• [Exercise description] Your task is to transcribe, word for word, the line containing "Davanti a questo" and all lines that follow it to the end of the entries. Leave out the pictures.
^^^^^^^^
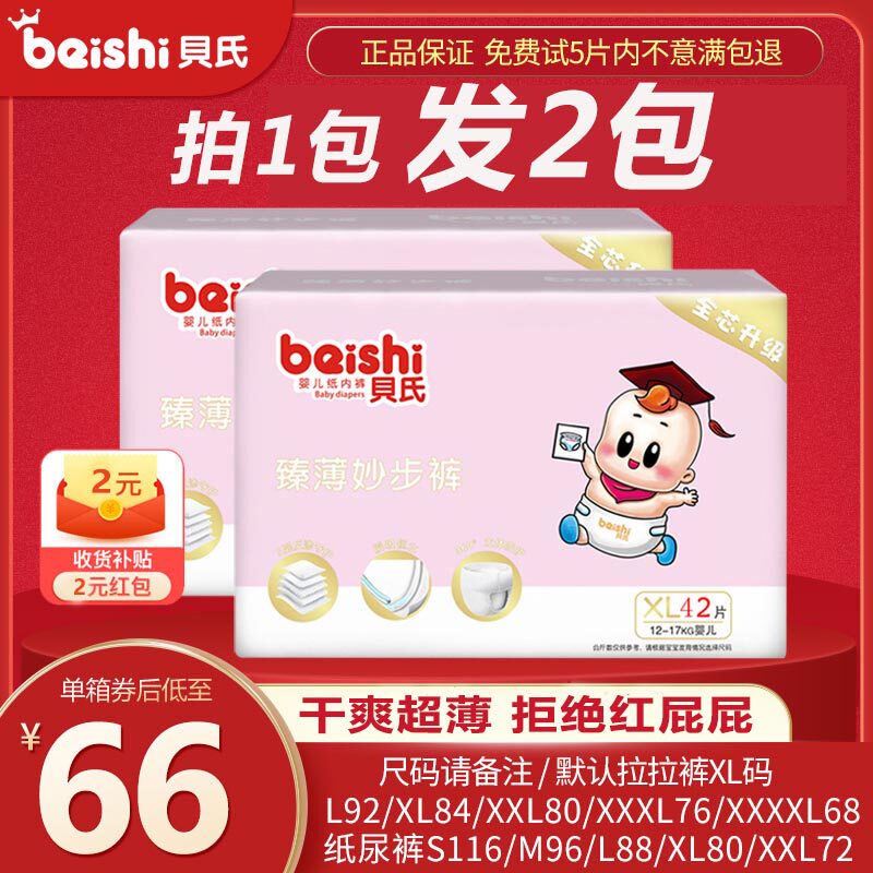 Bei's pull-up pants xxxl newborn baby diapers xxl ultra-thin breathable baby diapers m official flagship store
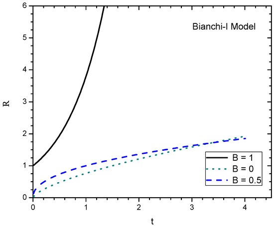 It can be observed that, for the BI universe as well, the solutions for the volume and scale factors depend on the MCG parameters , A and B and, as such, the dependence on the B-parameter is substantial. Here, also, we consider the three different values of the parameter B to assess its effect on the exact solutions.
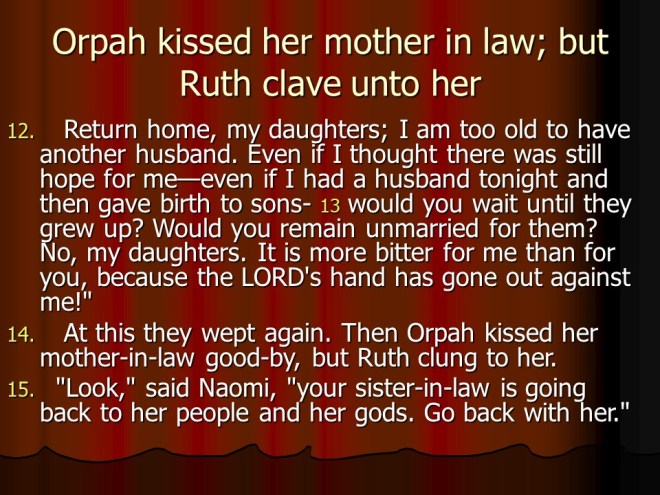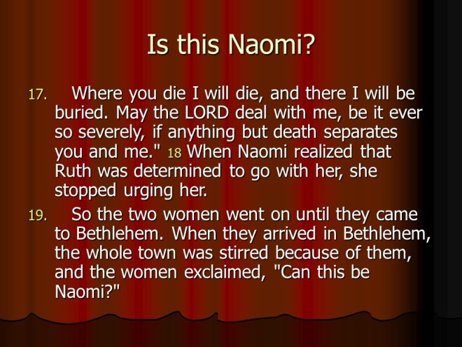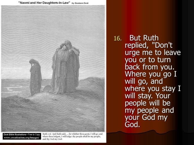 Ruth 1. Elimelech’s family went to Moab, and all the men in the family died. Naomi returned back to Israel with Ruth, a Moabite. The famous quote from Ruth 1: “Intreat me not to leave thee, or to return from following after thee: for whither thou goest, I will go; and where thou lodgest, I will lodge: thy people shall be my people, and thy God my God:”.
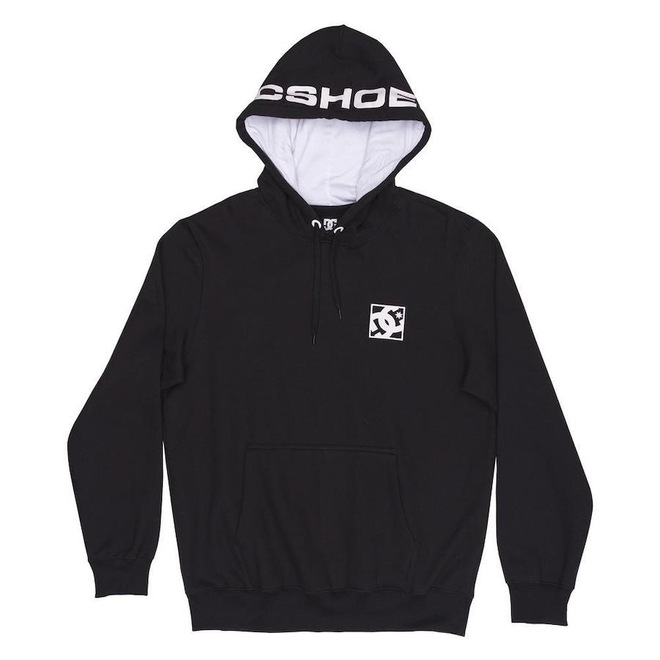Moletom DC Shoes feito em modelagem standard fit, 2 cabos 280g, estampa no peito, recorte no capuz com estampa, forro do capuz contrastante e etiquetas personalizadas.
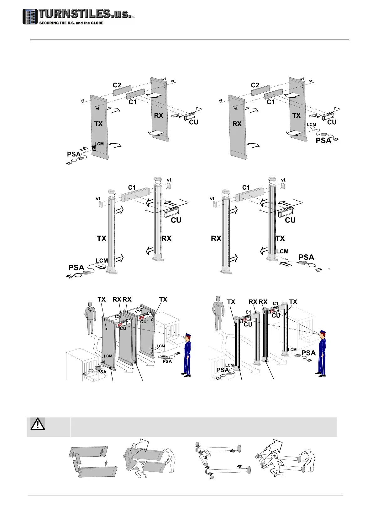 It is recommended that the archway is assembled on the floor, in horizontal position. Whenever needed,
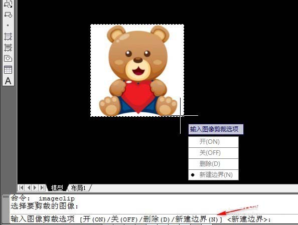 輸入圖像剪裁選項 [開(ON)/關(OFF)/刪除(D)/新建邊界(N)] <新建邊界>
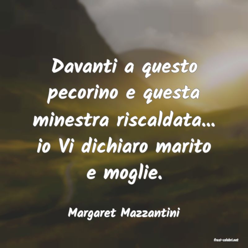 Davanti a questo pecorino e questa minestra riscaldata... io Vi dichiaro marito e moglie.
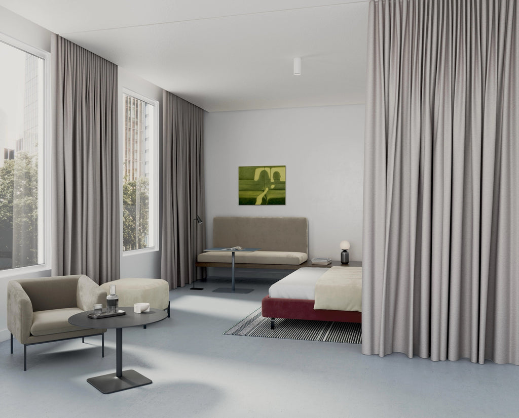 Dank der feinen Webstruktur sorgt der Stoff nicht nur für eine stilvolle Atmosphäre, sondern hilft auch dabei, den Energieverbrauch durch bessere Raumtemperaturregulierung zu senken.
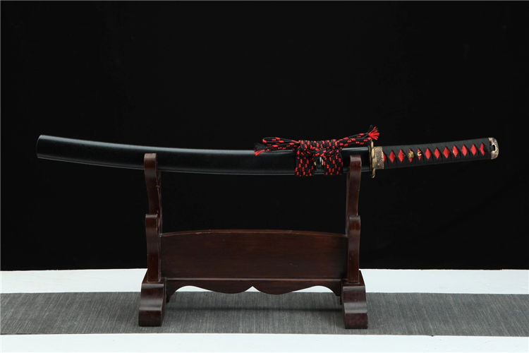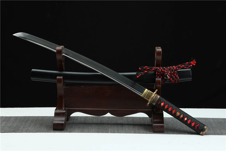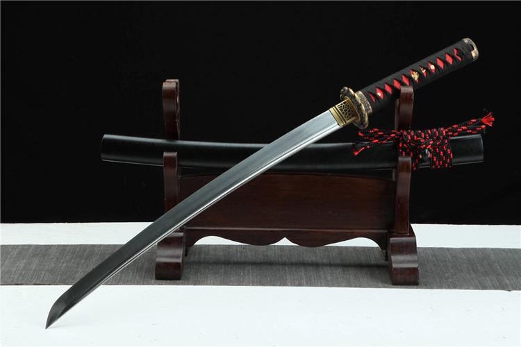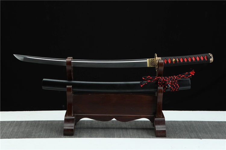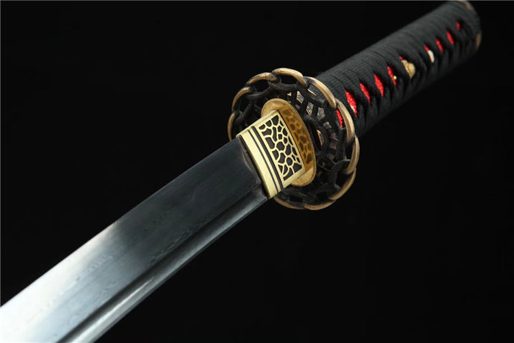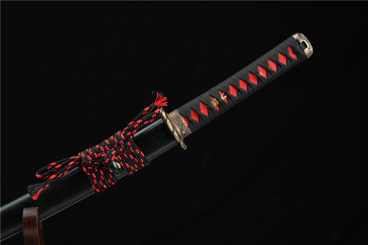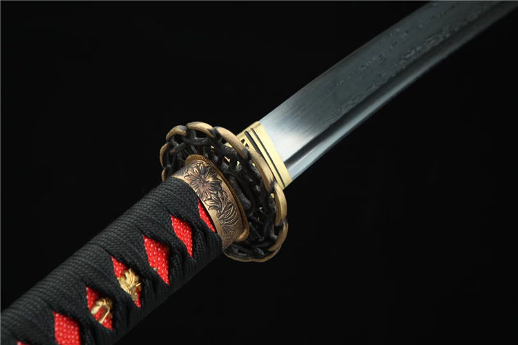 花环武士刀 总长:78cm 刃长:51cm 柄长:20cm 刃宽:3.2cm 刃材:百炼钢 工艺:油淬精磨 柄材:仿鱼皮(可拆卸) 刀鞘:油漆鞘 装具:纯铜做旧 配置:锦盒/油/布
^^^^^^^^
• [Response box]
 Davanti a questo pecorino e questa minestra riscaldata... io Vi dichiaro marito e moglie.
 Dank der feinen Webstruktur sorgt der Stoff nicht nur für eine stilvolle Atmosphäre, sondern hilft auch dabei, den Energieverbrauch durch bessere Raumtemperaturregulierung zu senken.
 花环武士刀 总长:78cm 刃长:51cm 柄长:20cm 刃宽:3.2cm 刃材:百炼钢 工艺:油淬精磨 柄材:仿鱼皮(可拆卸) 刀鞘:油漆鞘 装具:纯铜做旧 配置:锦盒/油/布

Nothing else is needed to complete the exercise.